The very fact that I’m here will put plenty of stars’ teeth on edge. If I were a different TV host, I’d work the party, say hello to the famous faces that I’ve interviewed in the past; but I can’t stand it when they give me that little look. The sneer. The half-annoyed, half-pitying glance that says you don’t belong.

I had enough of that at Epworth. Although I was raised in South Africa, I never had a proper South African accent, and I don’t know if that was my dad’s doing since he was American, but the girls at Epworth teased me for sounding

like a Yank, and they made it clear that as a Yank, I was merely tolerated, not accepted.

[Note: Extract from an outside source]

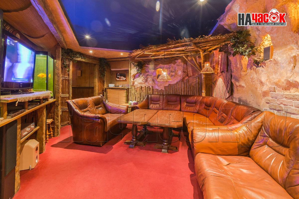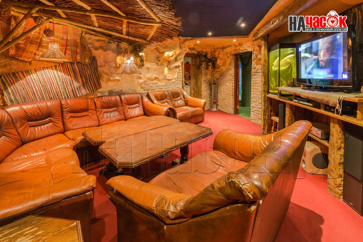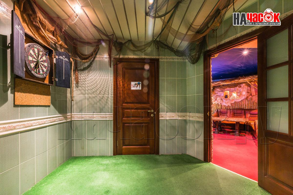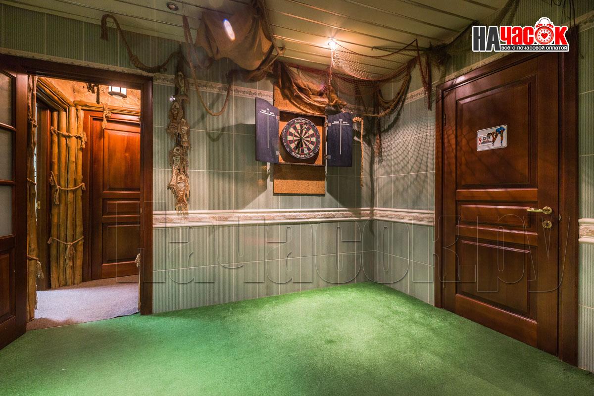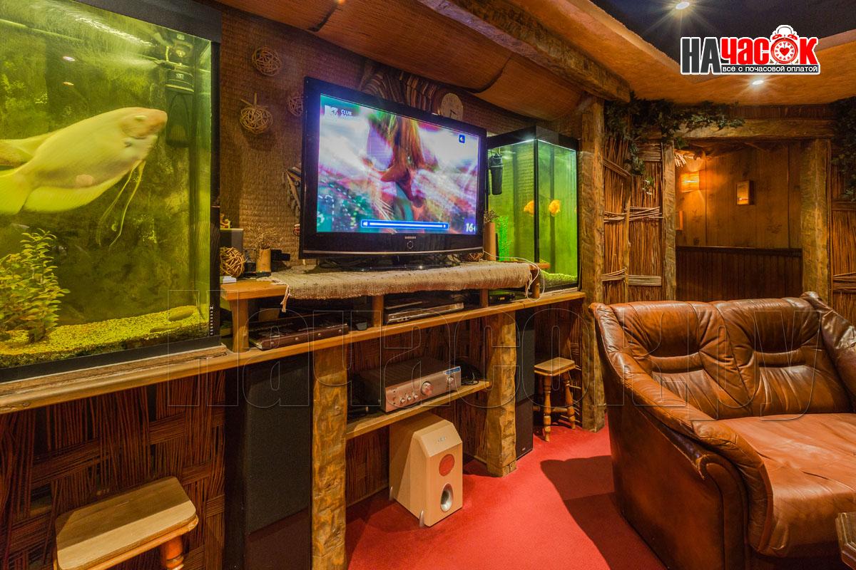 В зале установлен аквариум с рыбками. Рыба по имени ПЁТР))) наш ТАЛИСМАН порадует Вас и настроит на позитивный отдых. Над обеденной зоной нашими дизайнерами сделан потолок с виде бунгало ,что даёт преимущество проведения удачной фотосессии. Создаёт комфортную, романтическую обстановку. Для вашего развлечения имеется отдельная комната с американским бильярдом 8 фут., так же дартс и настольные игры.

There were times I was tempted to name-drop. I had impressive connections. The girls would have loved that my mother was a former Miss South Africa, and her mother was Lady Hollingsworth in England but dropped the title when she moved with her new husband, Lord Hollingsworth, to what was then Rhodesia. But I never did. Maybe it was the rebel in me, but I wouldn’t share my past, wouldn’t share my strength, wouldn’t give them access to me.

My father always said I was the secretive one, but I’m not secretive. I’m just reserved. Contained. Willow was the one who wore her heart on her sleeve. She was emotional and tender, just like our mother. But just because I didn’t laugh or cry as easily didn’t mean I didn’t feel.